#### Provided records:

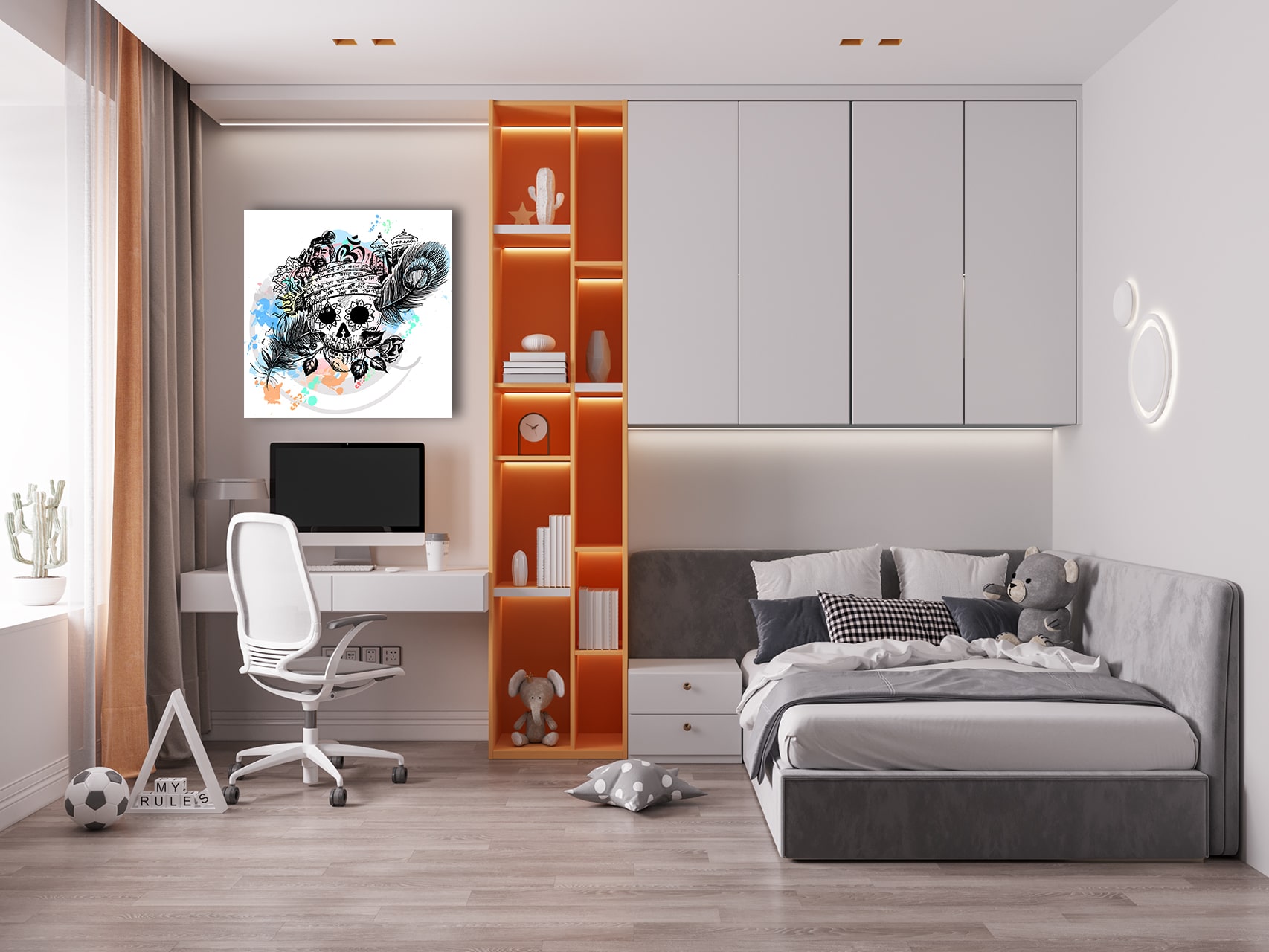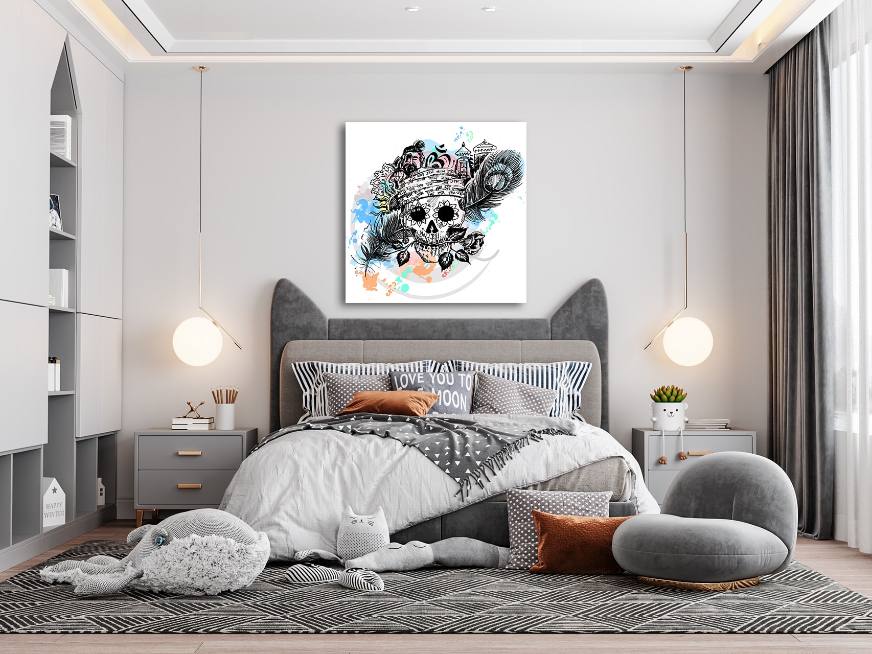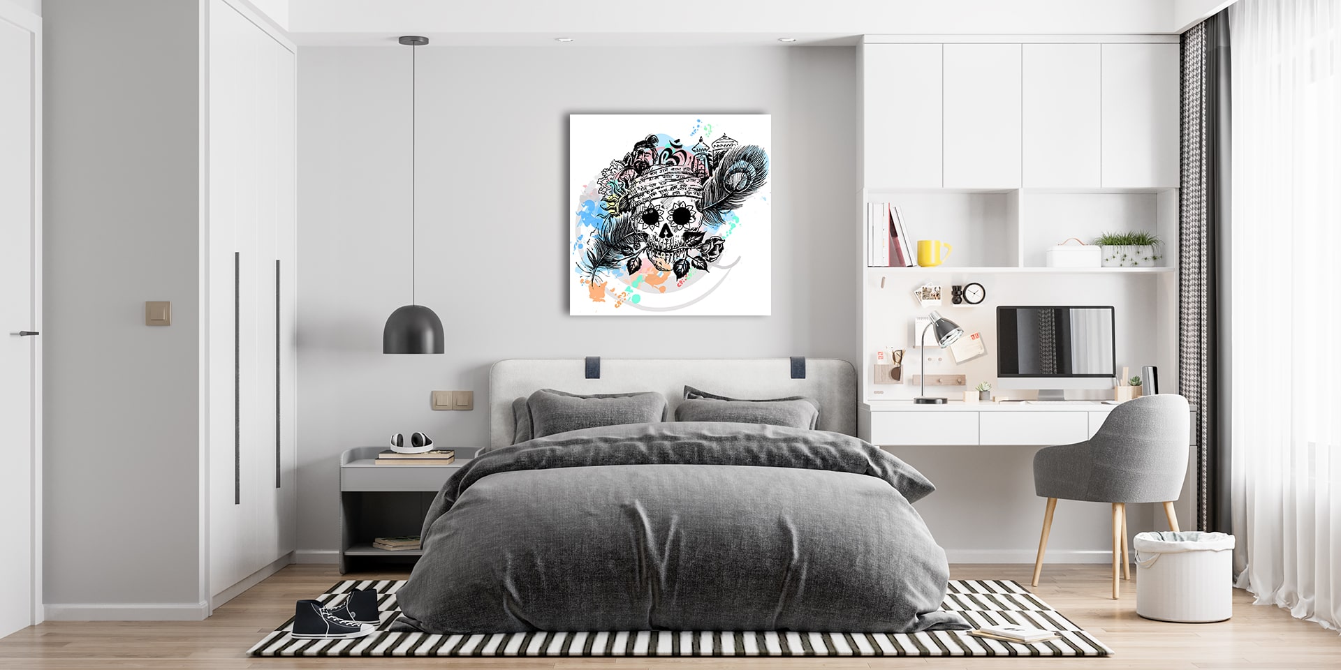 Die Welt ist so schön und individuell. Lassen Sie Ihre Wände mit tollen, individuellen Bildern erstrahlen. Mit dem Wandbild Totenkopf Pirat Quadratisch bringen Sie ein Stück abstrakte Kunst in Ihr Zuhause. Das Bild besticht mit seiner schwarz-weiß Zeichnung eines Totenkopfes. Im Hintergrund wirken bunte Farbtupfer für das besondere Etwas. Blumen und Federn machen aus dem Totenkopf ein weiches, liebevolles Symbol. In verschiedenen Kulturen hat der Totenkopf eine andere Bedeutung. Für was steht der Totenkopf bei Ihnen?
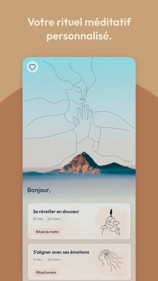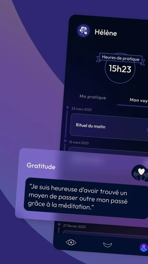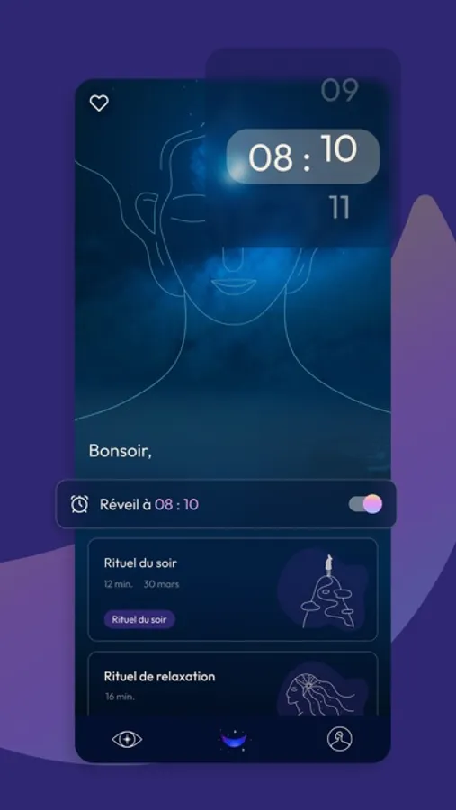Chaque jour, prenez rendez-vous avec vous-même pour expérimenter vos pratiques préférées : méditation, yoga, journaling assisté par intelligence artificielle, sonothérapie, oracle quotidien personnalisé...
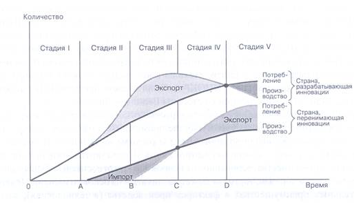 На первой стадии – внедрения нового продукта – этот продукт производится и потребляется только в стране-разработчике (отрезок времени ОА на горизонтальной оси – "фаза нового продукта"). На второй стадии (отрезок АВ – "фаза растущего продукта") продукт по-прежнему производится только в стране-разработчике, но на него уже предъявляется спрос из-за рубежа. Следовательно, продукт начинает экспортироваться. Производители страны-разработчика остаются монополистами. На третьей стадии (отрезок ВС – "фаза зрелости продукта") технология производства стандартизируется и становится доступной производителям других стран. Эти страны начинают собственное производство, в результате чего сокращается импорт. На четвертой стадии (отрезок СD) страны, перенявшие нововведение, начинают обгонять страну-разработчика по объемам продаж на мировом ранке. Производство в стране-разработчике постепенно сокращается. На пятой стадии (правее точки D) страны, перенявшие нововведение, уже завоевывает рынок страны-разработчика. Четвертая и пятая стадии получили название "фазы снижающегося продукта". Жизненый цикл некогда нового товара в стране-разработчике заканчивается. Производителям этой страны приходится вновь придумывать что-то новое, чтобы "остаться на плаву".
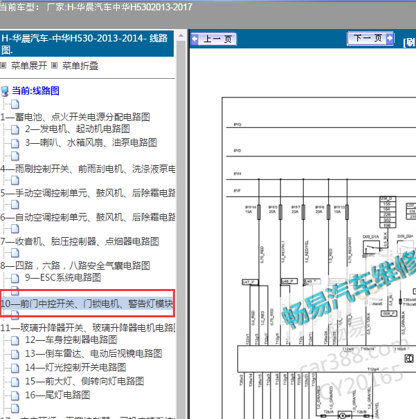 .尊敬的用户,欢迎你使用在线客服,抱歉, 该车资料里没有单独的防盗系统电路图,客服给您查找了门锁资料作为参考,你需要的资料在《畅易汽车维修技术支持平台》是有的,请直接登陆查询!查询方法:国内厂家 ->华晨汽车-中华H530-2013-2017[ 线路图 ] ->10—前门中控开关、门锁电机、警告灯模块、门微动开关电路图 ->华晨汽车-中华H530-2013-2017[ 维修手册/诊断 ] ->04车身及附件 ->第十五节 车门把手和锁闩 .
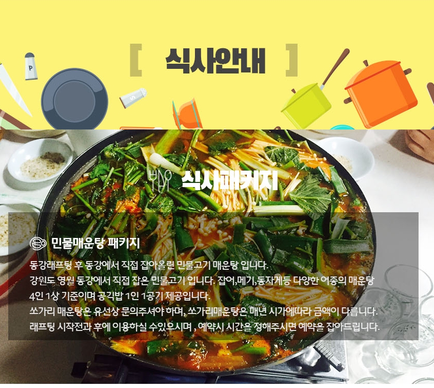 당일래프팅+민물매운탕 패키지 당일래프팅+민물매운탕 패키지 50,000원
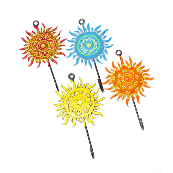 Infuse your walls with vibrant energy and traditional artistry with this Hand-Painted Sun Design Iron Wall Hook for Décor. Crafted from sturdy iron and adorned with intricate hand-painted detailing, this decorative wall hook beautifully combines functionality with cultural charm. Inspired by traditional Indian folk art, the radiant sun motif symbolizes positivity, warmth, and new beginnings, making it a meaningful addition to any living space. Each wall hook is individually hand-painted by skilled artisans, showcasing fine patterns, bold colors, and detailed textures that make every piece unique. Built from high-quality iron, it offers excellent durability and strength, ideal for hanging daily essentials such as keys, scarves, handbags, masks, caps, or light accessories. The artistic sun design instantly elevates the look of entryways, living rooms, bedrooms, kitchens, or office walls. Available in four vibrant color options – Blue, Orange, Yellow, and Maroon, these wall hooks can be styled individually as statement pieces or combined to create a colorful wall arrangement. You can choose to purchase a single hook for a subtle accent or opt for a set of four for a cohesive and eye-catching décor setup. Easy to install and versatile in use, it seamlessly blends with traditional, bohemian, eclectic, or contemporary interiors. Perfect for home décor enthusiasts and thoughtful gifting, this handcrafted wall hook makes an excellent choice for housewarmings, festivals, weddings, or return gifts. Eco-friendly and artisan-made, it supports traditional craftsmanship while offering a stylish storage solution that transforms everyday organization into art.
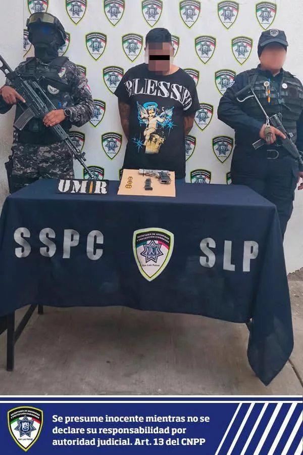En la col. Satélite I. Madero en la calle Arquitos fue reportada una riña, donde los oficiales detectaron a un hombre empuñando un arma de fuego. Aunque el señalado trató de huir, fue asegurado logrando el decomiso de una pistola abastecida con 7 cartuchos

#### The problem:
With the pictures excluded, restate the material exactly as it stands.

#### The completed task:
 Die Welt ist so schön und individuell. Lassen Sie Ihre Wände mit tollen, individuellen Bildern erstrahlen. Mit dem Wandbild Totenkopf Pirat Quadratisch bringen Sie ein Stück abstrakte Kunst in Ihr Zuhause. Das Bild besticht mit seiner schwarz-weiß Zeichnung eines Totenkopfes. Im Hintergrund wirken bunte Farbtupfer für das besondere Etwas. Blumen und Federn machen aus dem Totenkopf ein weiches, liebevolles Symbol. In verschiedenen Kulturen hat der Totenkopf eine andere Bedeutung. Für was steht der Totenkopf bei Ihnen?
Chaque jour, prenez rendez-vous avec vous-même pour expérimenter vos pratiques préférées : méditation, yoga, journaling assisté par intelligence artificielle, sonothérapie, oracle quotidien personnalisé...
 На первой стадии – внедрения нового продукта – этот продукт производится и потребляется только в стране-разработчике (отрезок времени ОА на горизонтальной оси – "фаза нового продукта"). На второй стадии (отрезок АВ – "фаза растущего продукта") продукт по-прежнему производится только в стране-разработчике, но на него уже предъявляется спрос из-за рубежа. Следовательно, продукт начинает экспортироваться. Производители страны-разработчика остаются монополистами. На третьей стадии (отрезок ВС – "фаза зрелости продукта") технология производства стандартизируется и становится доступной производителям других стран. Эти страны начинают собственное производство, в результате чего сокращается импорт. На четвертой стадии (отрезок СD) страны, перенявшие нововведение, начинают обгонять страну-разработчика по объемам продаж на мировом ранке. Производство в стране-разработчике постепенно сокращается. На пятой стадии (правее точки D) страны, перенявшие нововведение, уже завоевывает рынок страны-разработчика. Четвертая и пятая стадии получили название "фазы снижающегося продукта". Жизненый цикл некогда нового товара в стране-разработчике заканчивается. Производителям этой страны приходится вновь придумывать что-то новое, чтобы "остаться на плаву".
 .尊敬的用户,欢迎你使用在线客服,抱歉, 该车资料里没有单独的防盗系统电路图,客服给您查找了门锁资料作为参考,你需要的资料在《畅易汽车维修技术支持平台》是有的,请直接登陆查询!查询方法:国内厂家 ->华晨汽车-中华H530-2013-2017[ 线路图 ] ->10—前门中控开关、门锁电机、警告灯模块、门微动开关电路图 ->华晨汽车-中华H530-2013-2017[ 维修手册/诊断 ] ->04车身及附件 ->第十五节 车门把手和锁闩 .
 당일래프팅+민물매운탕 패키지 당일래프팅+민물매운탕 패키지 50,000원
 Infuse your walls with vibrant energy and traditional artistry with this Hand-Painted Sun Design Iron Wall Hook for Décor. Crafted from sturdy iron and adorned with intricate hand-painted detailing, this decorative wall hook beautifully combines functionality with cultural charm. Inspired by traditional Indian folk art, the radiant sun motif symbolizes positivity, warmth, and new beginnings, making it a meaningful addition to any living space. Each wall hook is individually hand-painted by skilled artisans, showcasing fine patterns, bold colors, and detailed textures that make every piece unique. Built from high-quality iron, it offers excellent durability and strength, ideal for hanging daily essentials such as keys, scarves, handbags, masks, caps, or light accessories. The artistic sun design instantly elevates the look of entryways, living rooms, bedrooms, kitchens, or office walls. Available in four vibrant color options – Blue, Orange, Yellow, and Maroon, these wall hooks can be styled individually as statement pieces or combined to create a colorful wall arrangement. You can choose to purchase a single hook for a subtle accent or opt for a set of four for a cohesive and eye-catching décor setup. Easy to install and versatile in use, it seamlessly blends with traditional, bohemian, eclectic, or contemporary interiors. Perfect for home décor enthusiasts and thoughtful gifting, this handcrafted wall hook makes an excellent choice for housewarmings, festivals, weddings, or return gifts. Eco-friendly and artisan-made, it supports traditional craftsmanship while offering a stylish storage solution that transforms everyday organization into art.
En la col. Satélite I. Madero en la calle Arquitos fue reportada una riña, donde los oficiales detectaron a un hombre empuñando un arma de fuego. Aunque el señalado trató de huir, fue asegurado logrando el decomiso de una pistola abastecida con 7 cartuchos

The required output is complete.